__Problem__
Omit the pictures and output exactly the lines from the start of the entries through the line containing "Fira Halloween med".

__Data records__
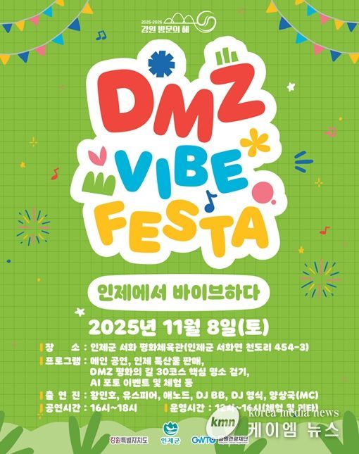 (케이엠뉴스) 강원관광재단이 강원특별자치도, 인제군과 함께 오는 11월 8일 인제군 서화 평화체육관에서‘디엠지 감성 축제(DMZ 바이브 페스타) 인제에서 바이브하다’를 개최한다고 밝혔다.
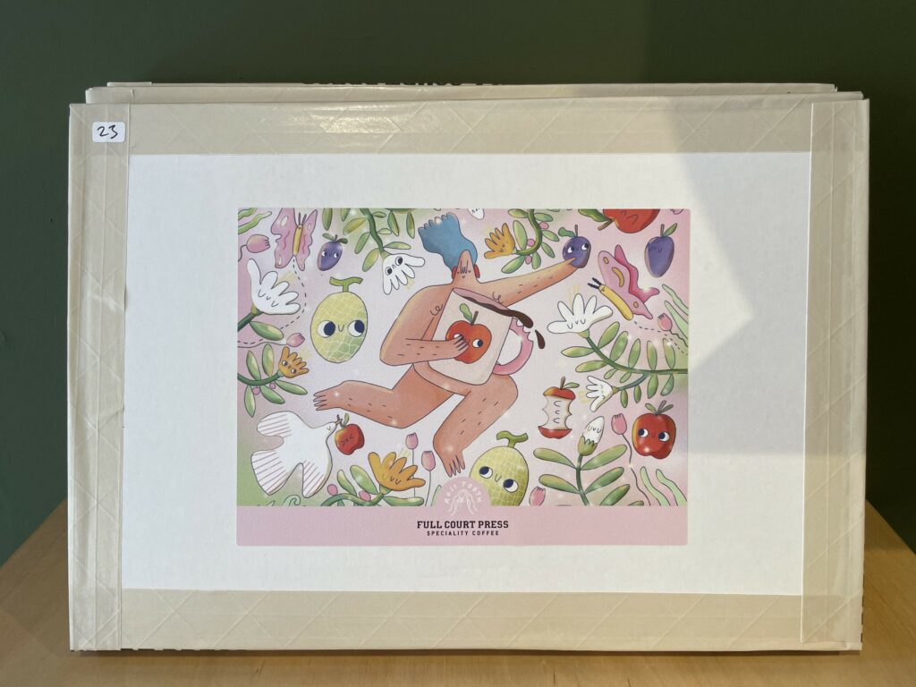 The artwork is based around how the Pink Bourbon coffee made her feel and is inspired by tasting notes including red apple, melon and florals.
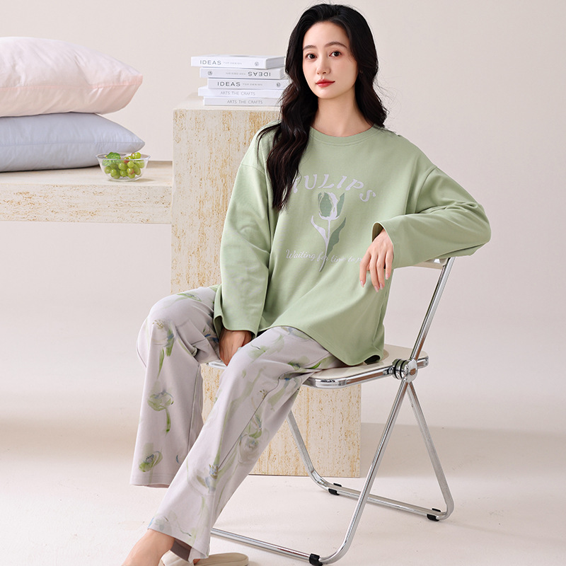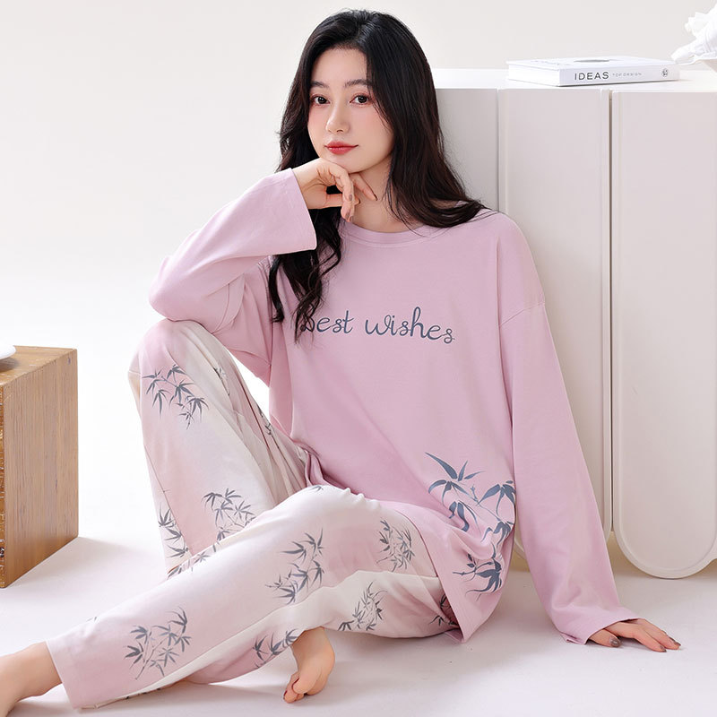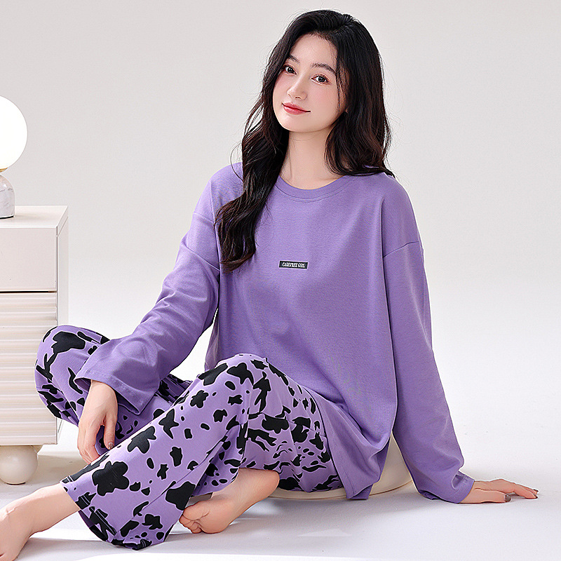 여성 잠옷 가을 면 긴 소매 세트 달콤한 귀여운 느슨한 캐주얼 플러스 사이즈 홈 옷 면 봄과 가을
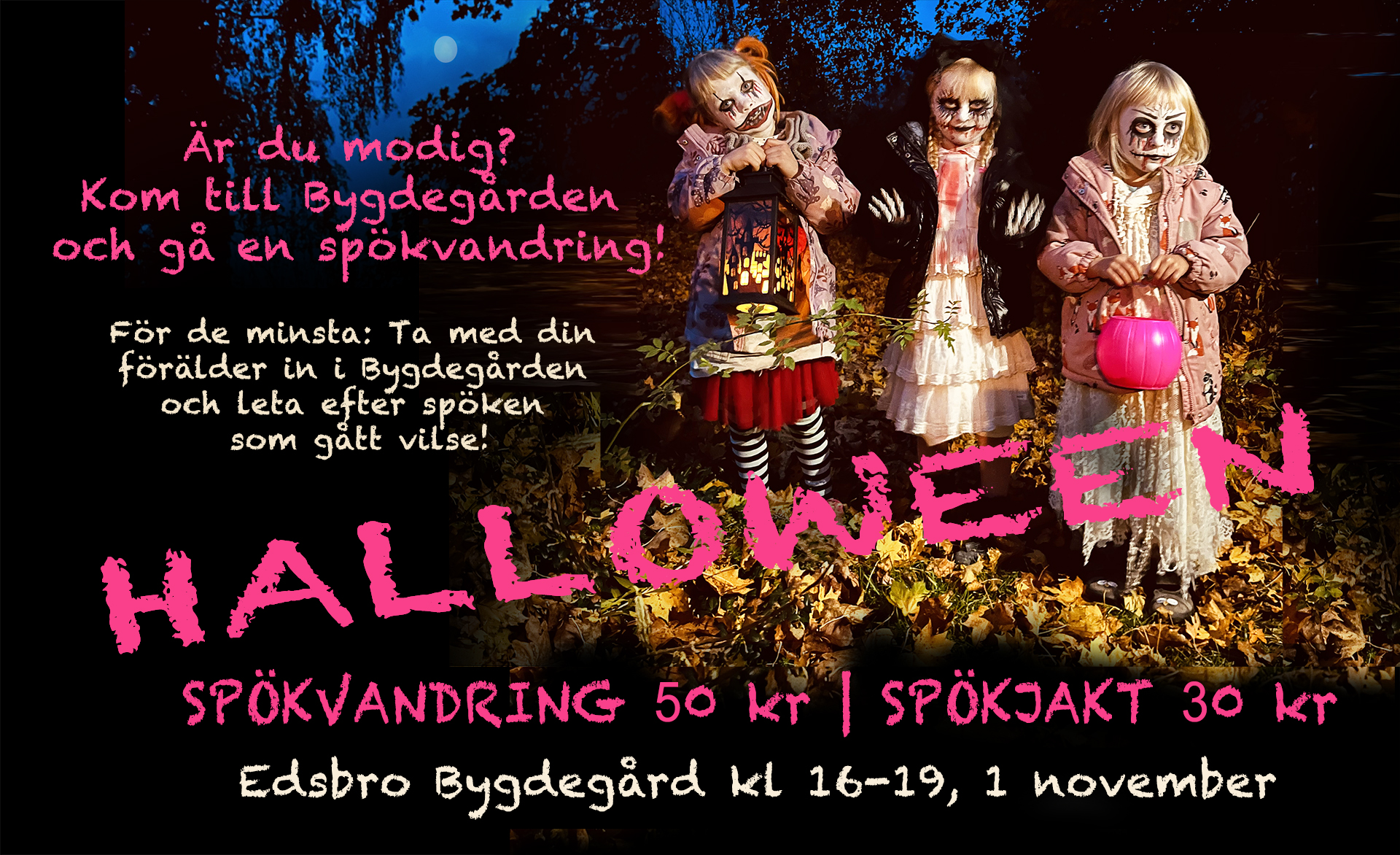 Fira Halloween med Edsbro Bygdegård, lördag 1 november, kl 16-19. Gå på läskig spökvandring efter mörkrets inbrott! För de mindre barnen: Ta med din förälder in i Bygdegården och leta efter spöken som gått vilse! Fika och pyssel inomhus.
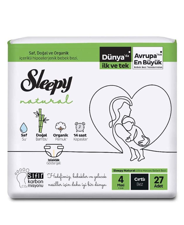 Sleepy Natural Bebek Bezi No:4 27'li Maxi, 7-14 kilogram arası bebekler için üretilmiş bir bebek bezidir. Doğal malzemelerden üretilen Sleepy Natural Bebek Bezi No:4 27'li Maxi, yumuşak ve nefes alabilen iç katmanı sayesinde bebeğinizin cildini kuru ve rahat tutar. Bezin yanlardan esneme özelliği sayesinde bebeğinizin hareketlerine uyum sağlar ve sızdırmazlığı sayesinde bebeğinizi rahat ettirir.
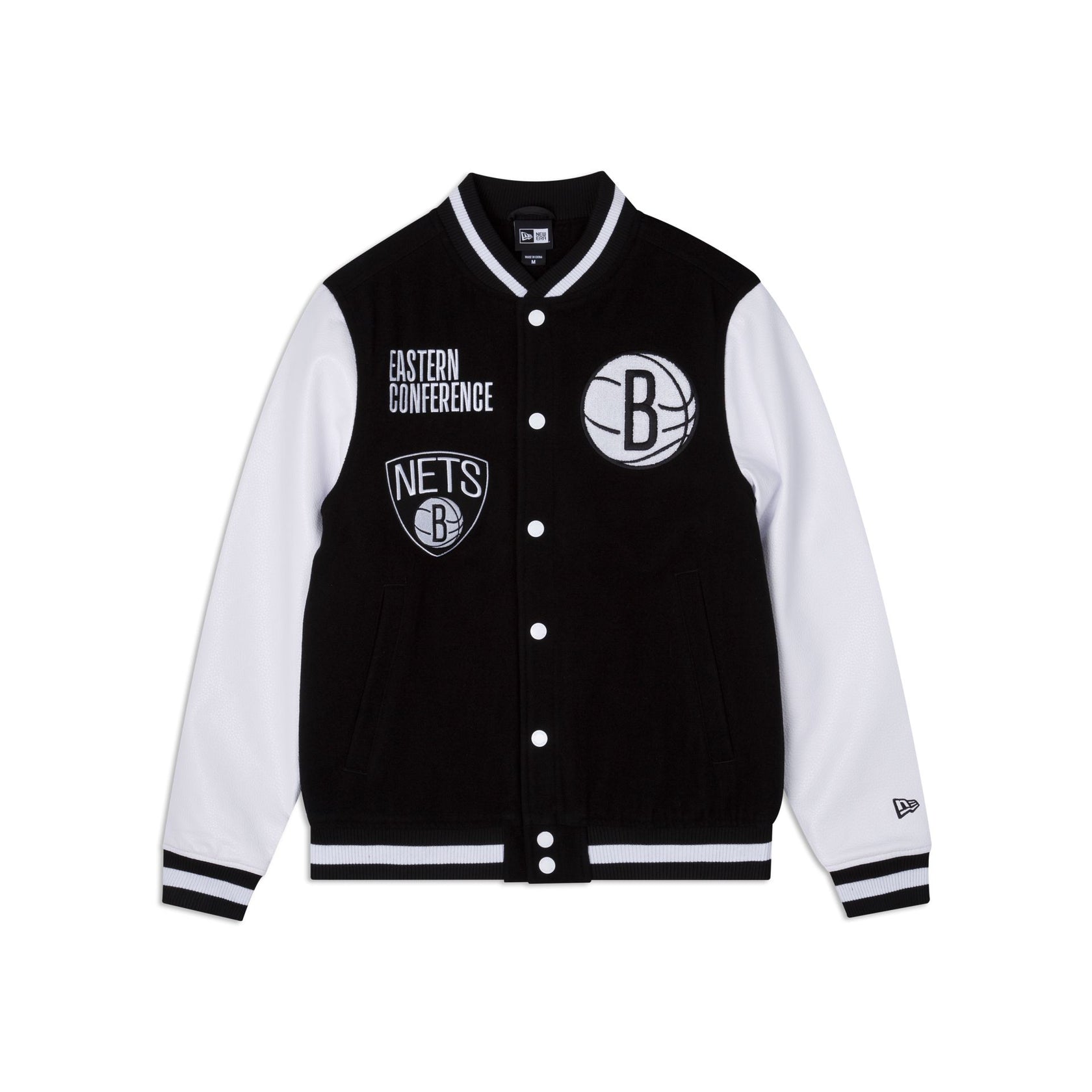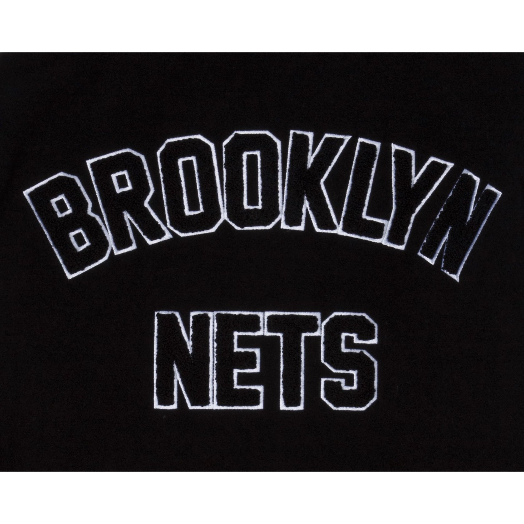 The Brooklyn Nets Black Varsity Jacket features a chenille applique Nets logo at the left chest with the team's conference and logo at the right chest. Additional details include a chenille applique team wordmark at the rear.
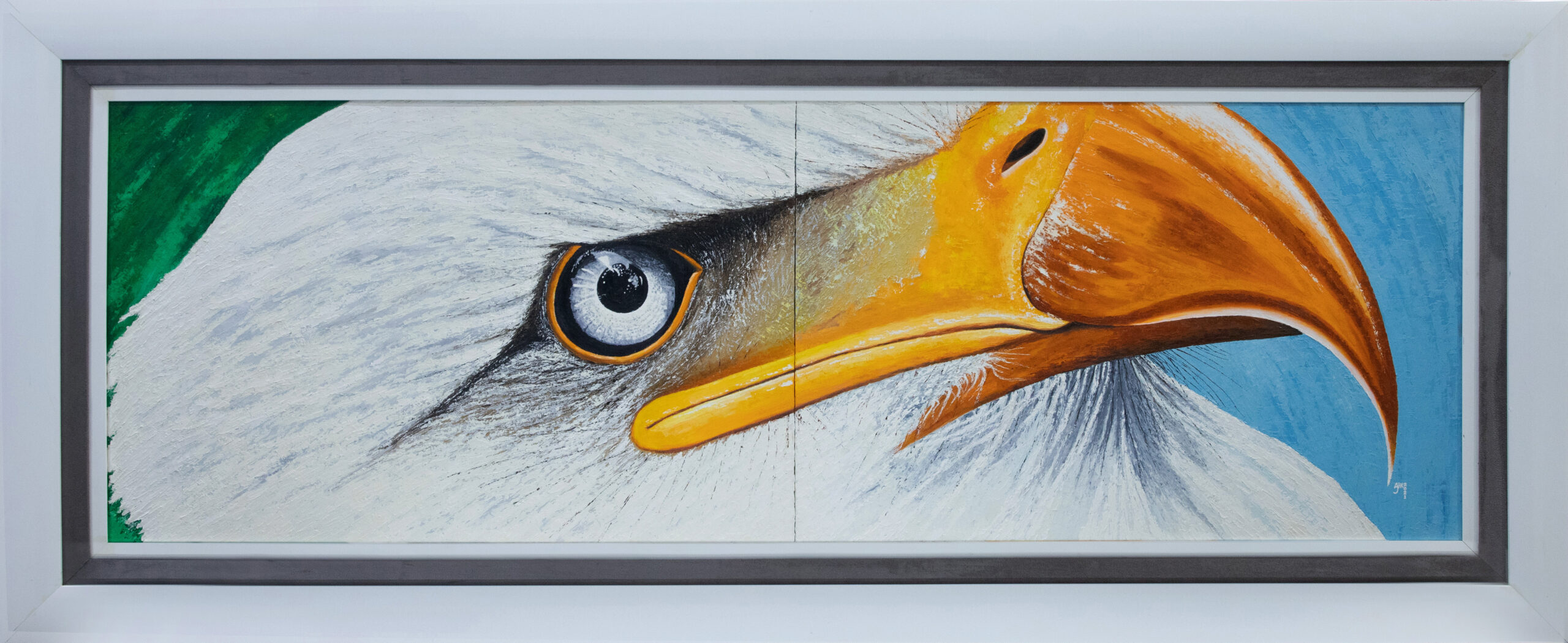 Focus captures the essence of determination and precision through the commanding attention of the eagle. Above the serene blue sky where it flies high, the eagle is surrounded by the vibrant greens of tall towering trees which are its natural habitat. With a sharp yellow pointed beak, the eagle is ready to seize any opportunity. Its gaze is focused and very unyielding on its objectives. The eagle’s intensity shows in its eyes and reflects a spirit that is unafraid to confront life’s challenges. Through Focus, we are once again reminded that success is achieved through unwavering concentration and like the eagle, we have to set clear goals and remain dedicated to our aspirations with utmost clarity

__Output of the task__
 (케이엠뉴스) 강원관광재단이 강원특별자치도, 인제군과 함께 오는 11월 8일 인제군 서화 평화체육관에서‘디엠지 감성 축제(DMZ 바이브 페스타) 인제에서 바이브하다’를 개최한다고 밝혔다.
 The artwork is based around how the Pink Bourbon coffee made her feel and is inspired by tasting notes including red apple, melon and florals.
 여성 잠옷 가을 면 긴 소매 세트 달콤한 귀여운 느슨한 캐주얼 플러스 사이즈 홈 옷 면 봄과 가을
 Fira Halloween med Edsbro Bygdegård, lördag 1 november, kl 16-19. Gå på läskig spökvandring efter mörkrets inbrott! För de mindre barnen: Ta med din förälder in i Bygdegården och leta efter spöken som gått vilse! Fika och pyssel inomhus.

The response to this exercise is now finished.